§ Problem details
Leave out the pictures, and retype the remaining data exactly.

§ Data
******

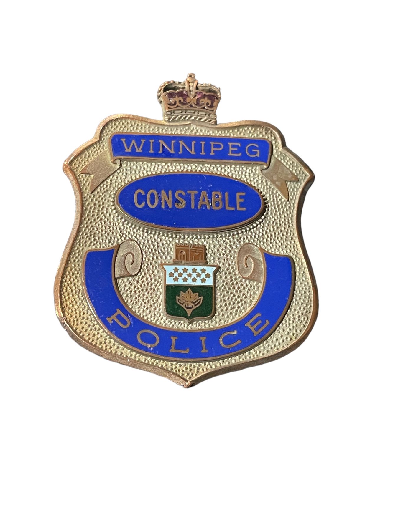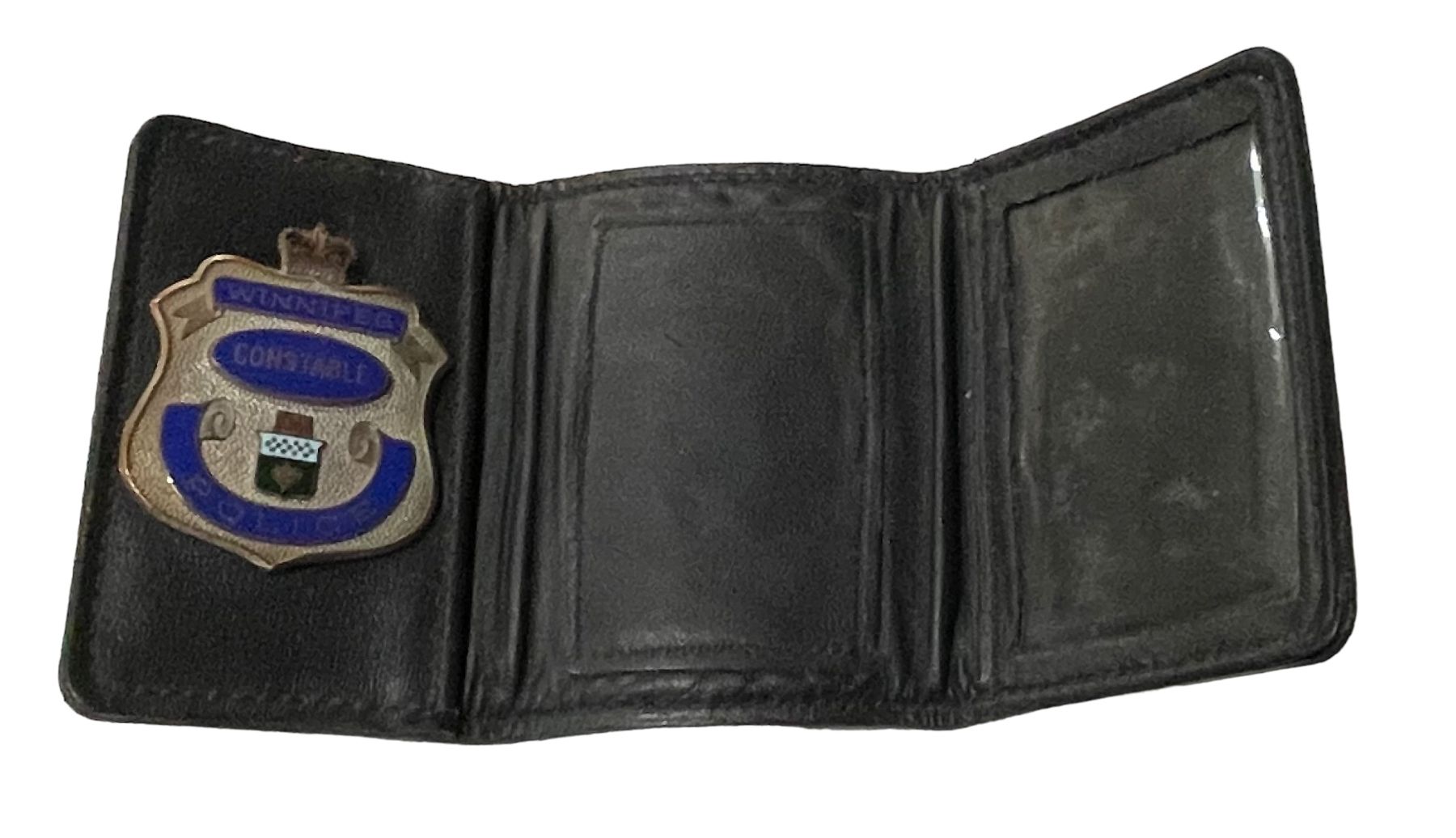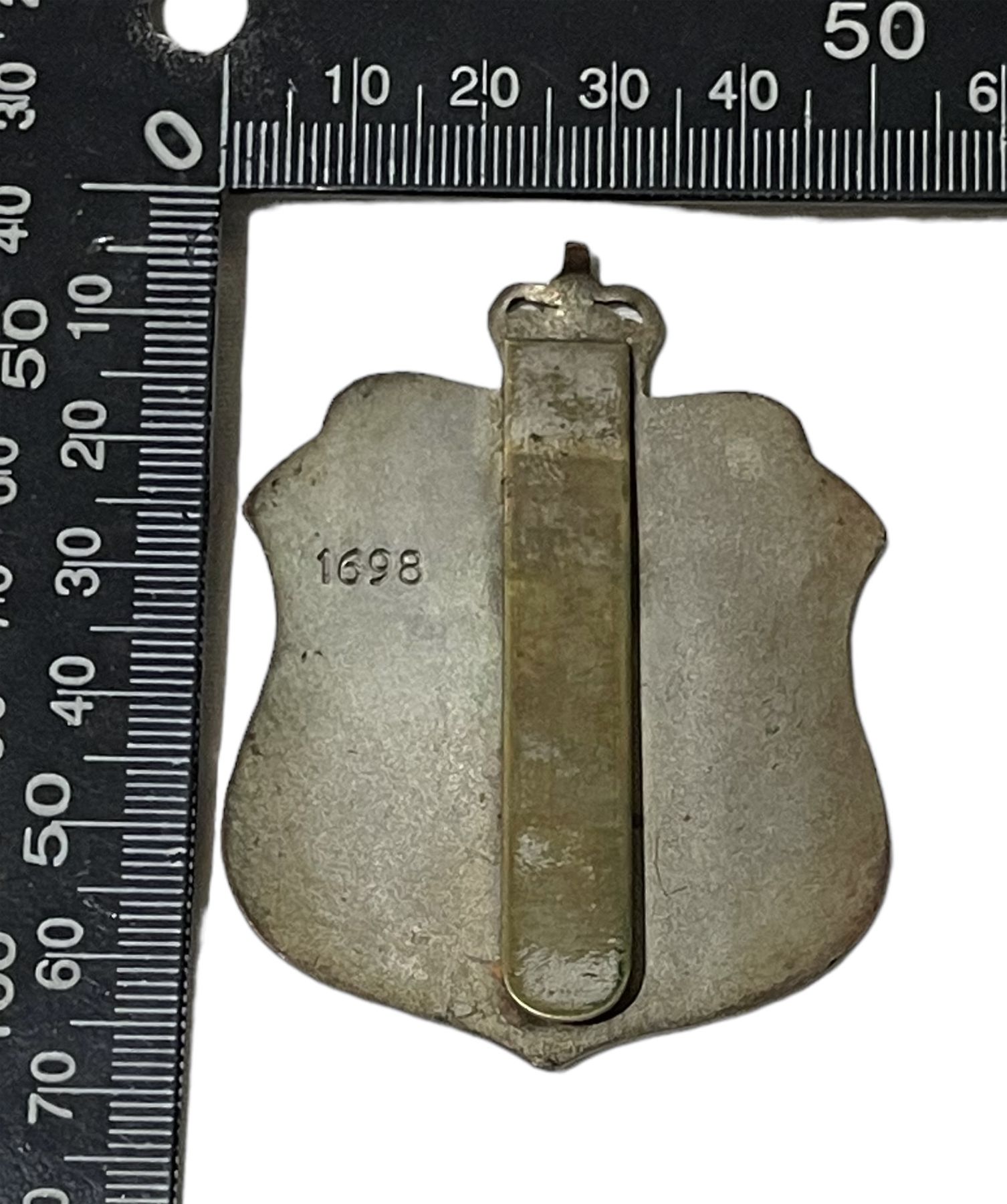 Manitoba. Worn brass metal with enamels. Slider fastener. Numbered 1698. In wallet
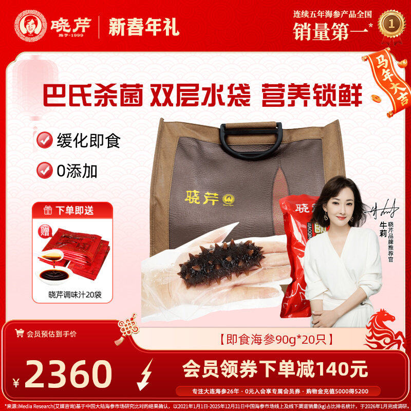📚 晓芹即食海参90g/只大海参20根大连辽刺参配调味汁即食海参礼箱
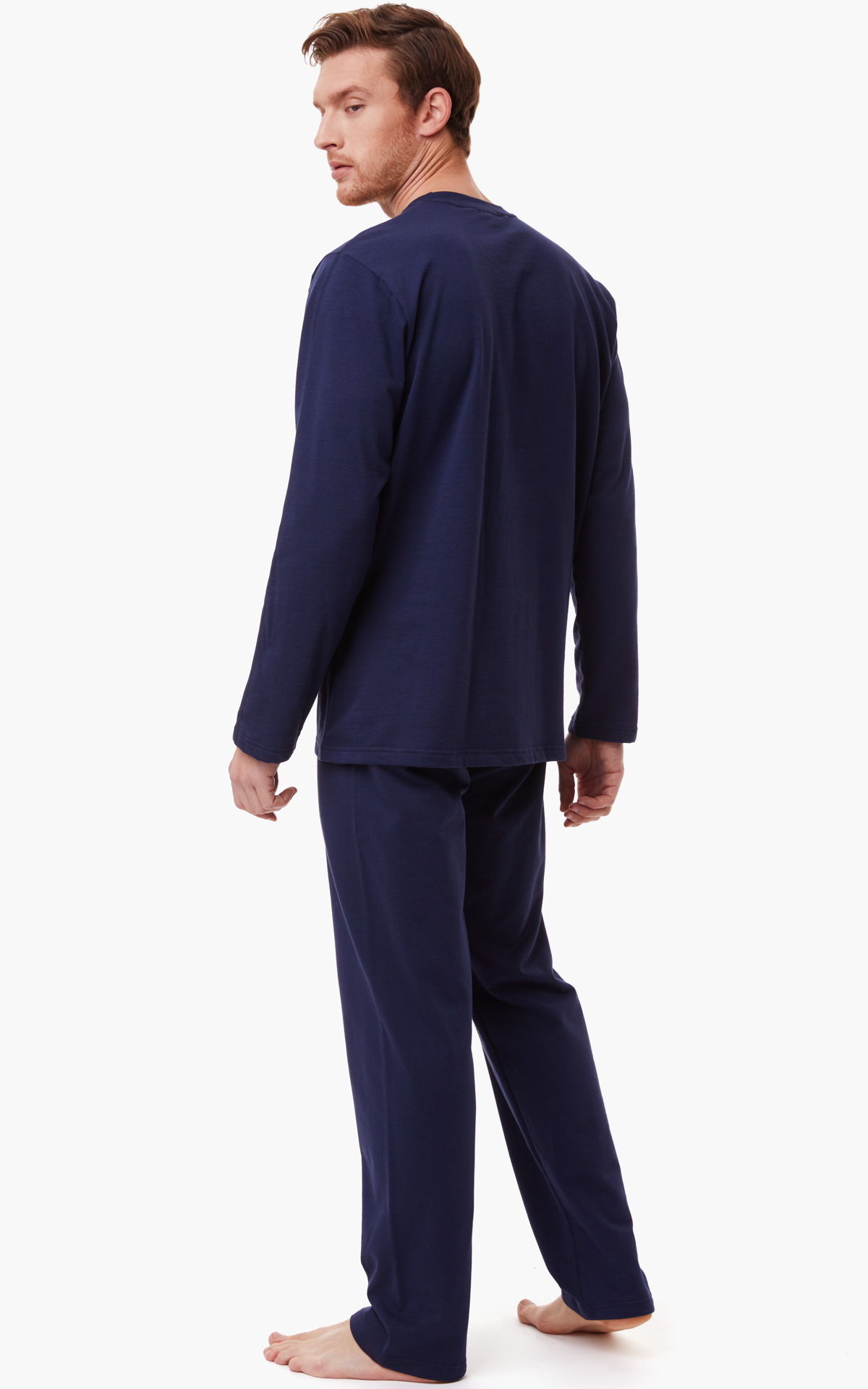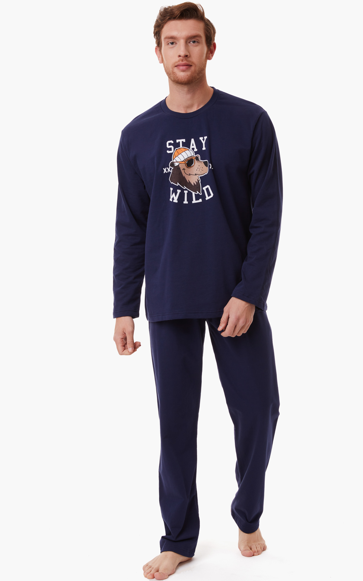 Ανδρική χειμερινή φούτερ πυτζάμα υψηλής ποιότητας. Το σετ περιλαμβάνει μπλούζα με στρογγυλή λαιμόκοψη και διακοσμητικό τύπωμα στο στήθος, ίσιο μονόχρωμο παντελόνι.

******

§ Solution below
 Manitoba. Worn brass metal with enamels. Slider fastener. Numbered 1698. In wallet
📚 晓芹即食海参90g/只大海参20根大连辽刺参配调味汁即食海参礼箱
 Ανδρική χειμερινή φούτερ πυτζάμα υψηλής ποιότητας. Το σετ περιλαμβάνει μπλούζα με στρογγυλή λαιμόκοψη και διακοσμητικό τύπωμα στο στήθος, ίσιο μονόχρωμο παντελόνι.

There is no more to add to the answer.